# Common math used in ML

This guide will cover the most common non-linear and non calculus functions in Machine Learning, and how to express them  
in numpy and pytorch.  It will also cover why they are useful

- Activation functions
    - Softmax/Sigmoid
    - ReLU
- Entropy and Cross-Entropy
- Seeding
- Minmax
- Mean and variance
- Sampling
- T-test


In [None]:
## Imports we need

import torch as tch
import torch.nn.functional as F

## Activation Functions

An activation function in deep learning is used to turn a linear equation into a non-linear one.  Without activation  
functions, we would not be able to model things statistically as we do, and problems would boil down to a system of  
linear equations.

The two most common activation functions are Sigmoid (or softmax) and ReLU (Rectified Linear Unit)

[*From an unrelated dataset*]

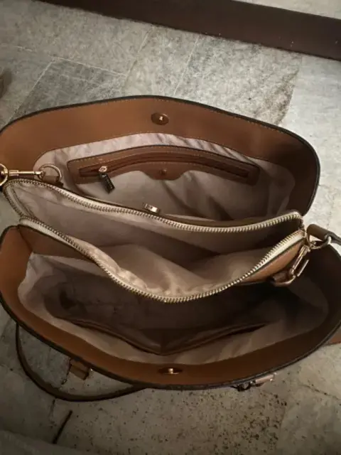 Bolsa grande blanco con café, marca westie, en perfecto estado sin detalles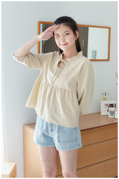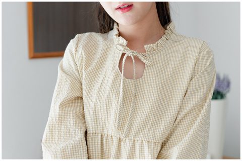 NT2002 Frill & Bow Collar Blouse – Yellow

$ \huge{\sigma_i = \frac{e^{z_i}}{\sum e^z}} $

In [None]:
def softmax(z: tch.Tensor):
    """Generate non-linear mapping of input to output of probability

    the z values are the input values, which get mapped to a number representing the probability.  This
    is often used for classification.  The sum of the output values will always = 0

    Parameters
    ----------
    z : tch.Tensor
        input values

    Returns
    -------
    tch.Tensor
        mapped probability of ith values
    """
    num = z.exp()  # e^z[i] for each element in z
    denom = tch.sum(num)
    return num / denom

z = tch.rand(3)
print(z)
softmax(z)

## Entropy and Cross Entropy

Entropy is a measure of "surprise" or conversely, how much we don't know the probability of something.  50/50 odds are  
the most "surprising" and the highest entropy, because we don't know what outcome is more likely.  When something has a  
90% chance or 10% chance then the outcome (whether for or against) are better known, and thus have low entropy.  Another  
way to think about entropy is that low entropy provides less information and high entropy provides more.

Entropy is measured as:

$ \large{H = - \sum_{i}^{N} p(x_i) \log_{2}(p(x_i))} $

Where 
- `p(x_i)` is the probability of the event happening

The sum of p(x_i) should equal 1

```python
events = [.25, .75]
assert sum(events) == 1
```

In [None]:
def entropy(x: tch.Tensor):
    return -1 * tch.sum(x * tch.log(x))

x = tch.tensor([.25, .75])
entropy(x)

## Cross Entropy

Cross entropy measures the difference between two random variables or sets of data.

It is defined

$ \large{\sigma^2 = \frac{1}{n - 1} \sum_{i=1}^{N} x_i -  \log_{2}p(x_i)} $

In [None]:
def cross_entropy(t: tch.Tensor):
    ...

## Mean and Variance

The mean tends to tell us what the most common value is in a set of data, but it can have problems depending on the distribution
or variance of data.

The mean or average is defined as:

$ \large{\overline{x} = \frac{1}{n} \sum_{i}^{n} x_{i}} $

```python
nums = [2, 5, -1, 3]
avg = sum(nums)/len(nums)
```

The variance of a data set is a measure of how dispersed the values are.  Imagine a curve that is not too high but broad, vs a curve
that is tall but narrow, where both curves are centered on the same mean.  Variance is a way to measure how spread out or variable 
values are from the mean.

Variance is defined as:

$ \large{\sigma^2 = \frac{1}{n - 1} \sum_{i=1}^{N} (x_{i} - \overline{x})^2} $

The standard deviation is related to variance, and is the square rroot of the variance.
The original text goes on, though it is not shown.